## About this task
Transcribe nothing except the lines below that run from the one with "Huang Kunming, a" to the one with "Elegant Satin Stand", ends included, and do not copy any picture.
** Data shown follows **
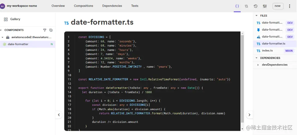 Emy在她正在进行的一个JavaScript项目中使用了组件驱动方法。她刚刚实现了一个计算两个日期之间相对差值的函数,然后她把这个函数作为一个独立的组件导出到她的Bit cloud范围。
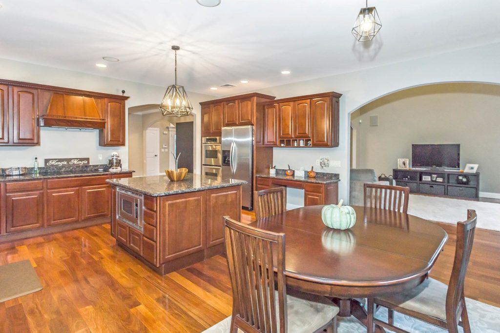 Being on-the-go millennials, the homeowners wanted a smart security system. They also installed Nest thermostats that control three zones of heat and provide energy savings along with the luxury of coming home to a warm house. There’s central cooling and, of course, surround sound.
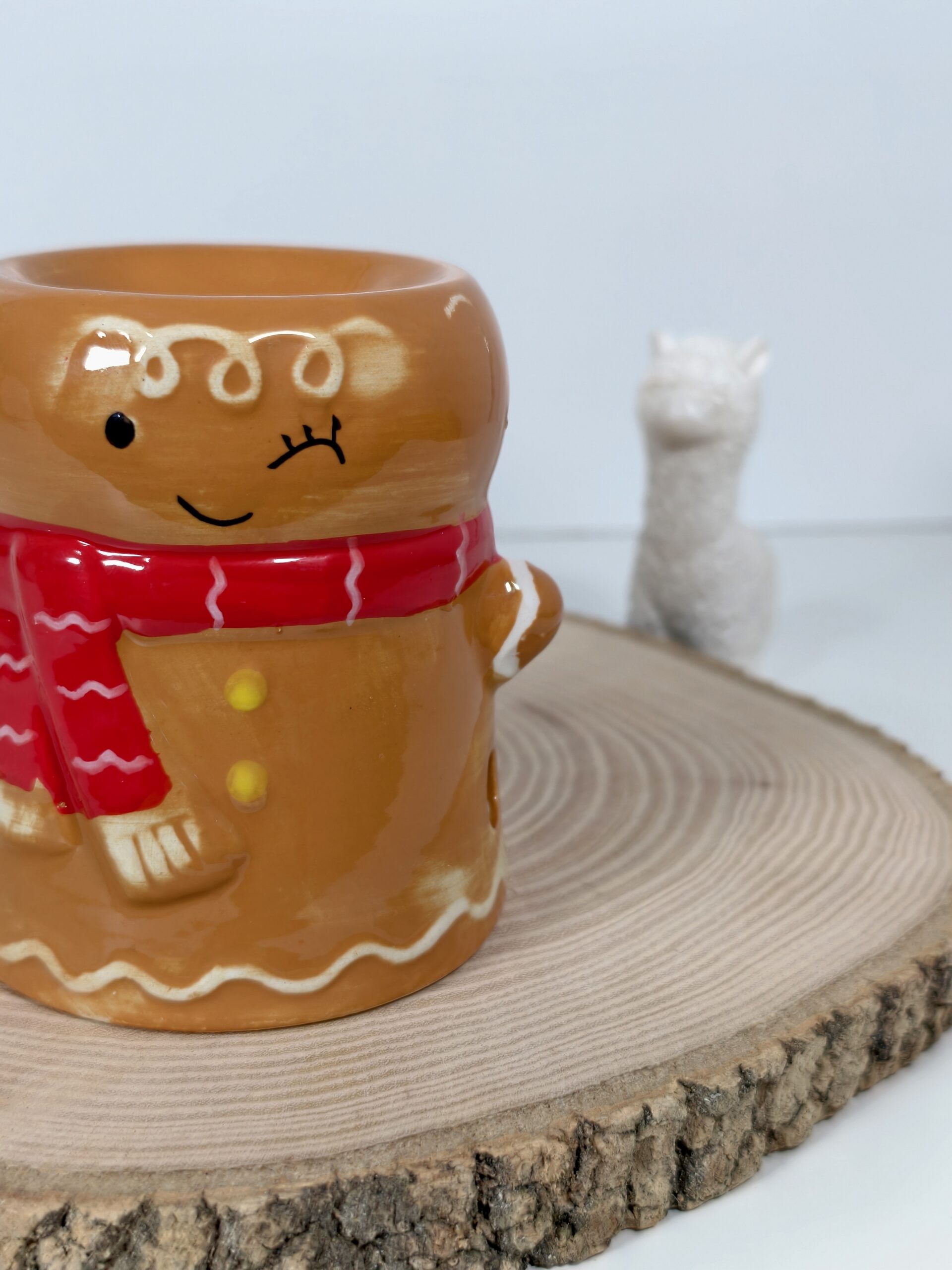 Endulza tus días (y tus noches) con este adorable quemador de wax melts navideño con forma de muñeco de jengibre.
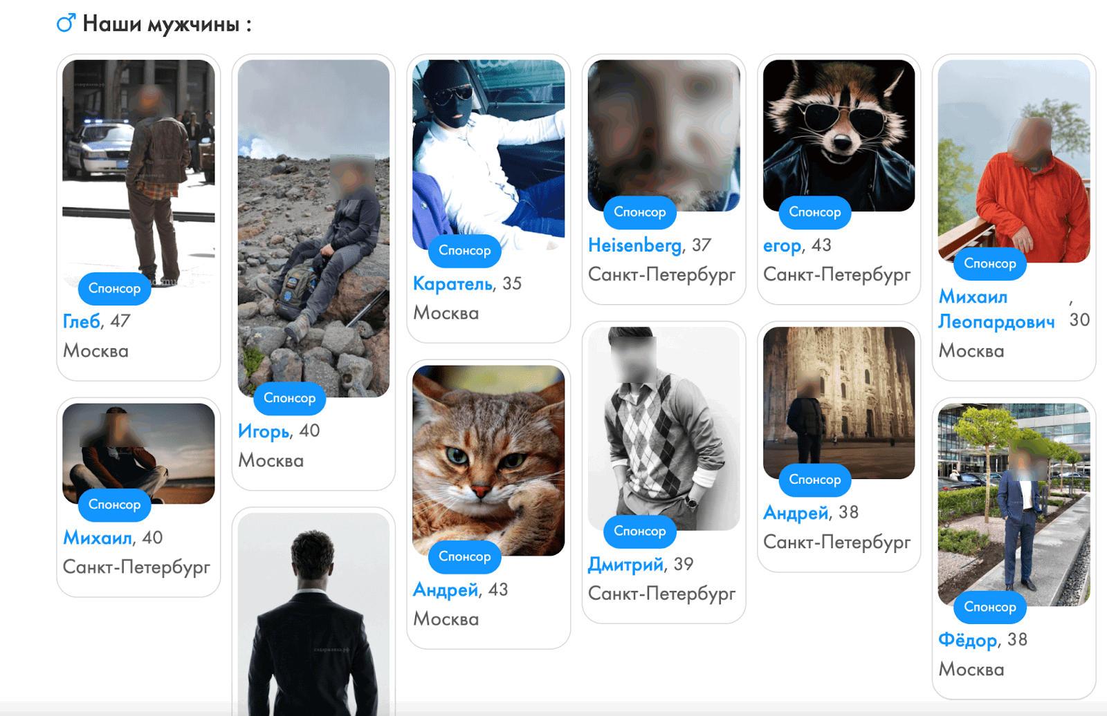 На главной странице вас сразу встретят закрепленные аккаунты: те, кто потратился на премиум. Как видите, здесь можно встретить не только людей, но и… котов и енотов? С фото здесь можно вообще не заморачиваться.
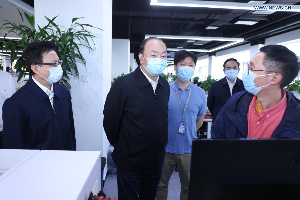 Huang Kunming, a member of the Political Bureau of the Communist Party of China (CPC) Central Committee and head of the Publicity Department of the CPC Central Committee, talks with a staff member of China Daily newspaper in Beijing, capital of China, June 1, 2021. Huang on Tuesday addressed a ceremony marking the 40th anniversary of the newspaper's launch. (Xinhua/Liu Bin)
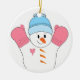 Lycklig Snögubbe i Rosa Mittens Julgransprydnad Keramik
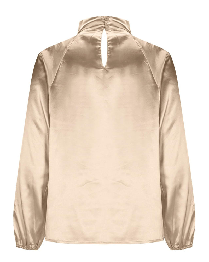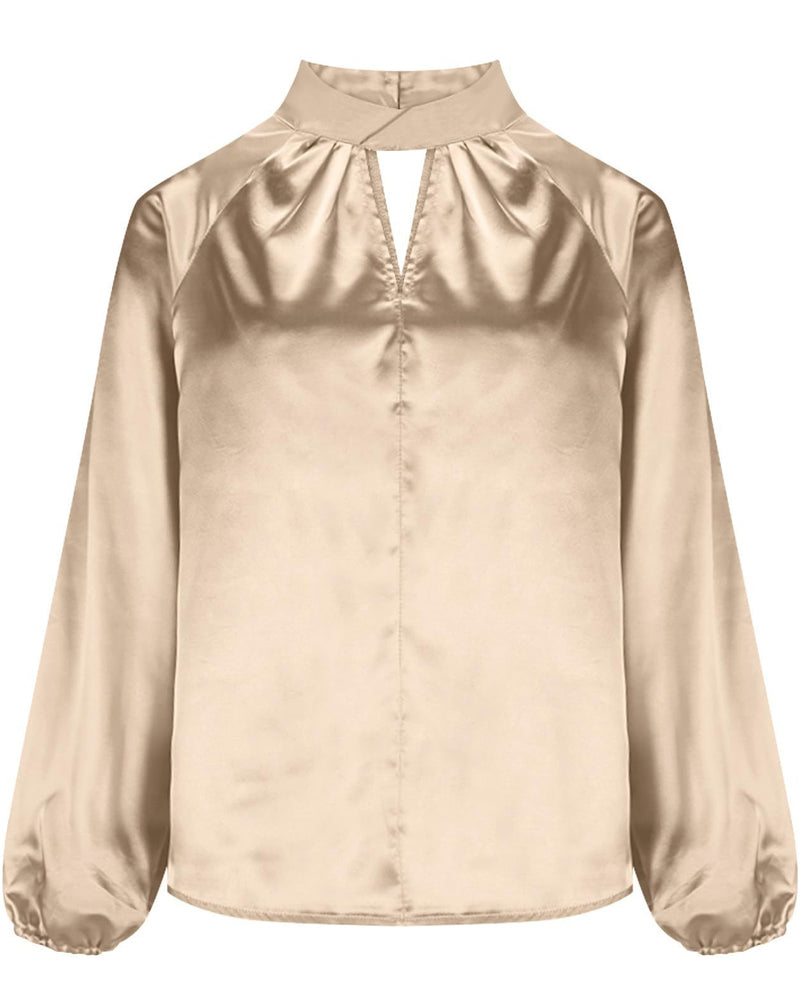 Elegant Satin Stand Collar Lantern Sleeve Blouse
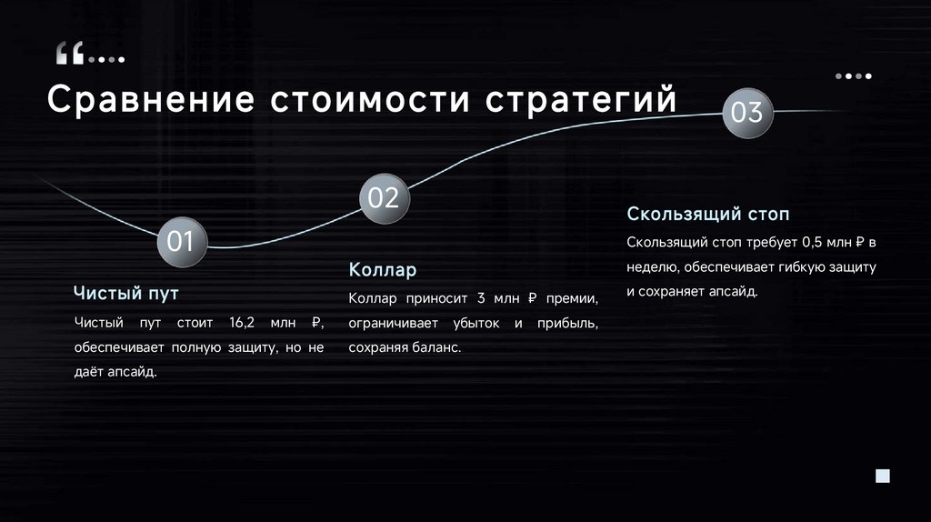 Выбор стратегии зависит от сценария. Например, коллар предпочтителен при
** End of Data shown **
## Result
 Huang Kunming, a member of the Political Bureau of the Communist Party of China (CPC) Central Committee and head of the Publicity Department of the CPC Central Committee, talks with a staff member of China Daily newspaper in Beijing, capital of China, June 1, 2021. Huang on Tuesday addressed a ceremony marking the 40th anniversary of the newspaper's launch. (Xinhua/Liu Bin)
 Lycklig Snögubbe i Rosa Mittens Julgransprydnad Keramik
 Elegant Satin Stand Collar Lantern Sleeve Blouse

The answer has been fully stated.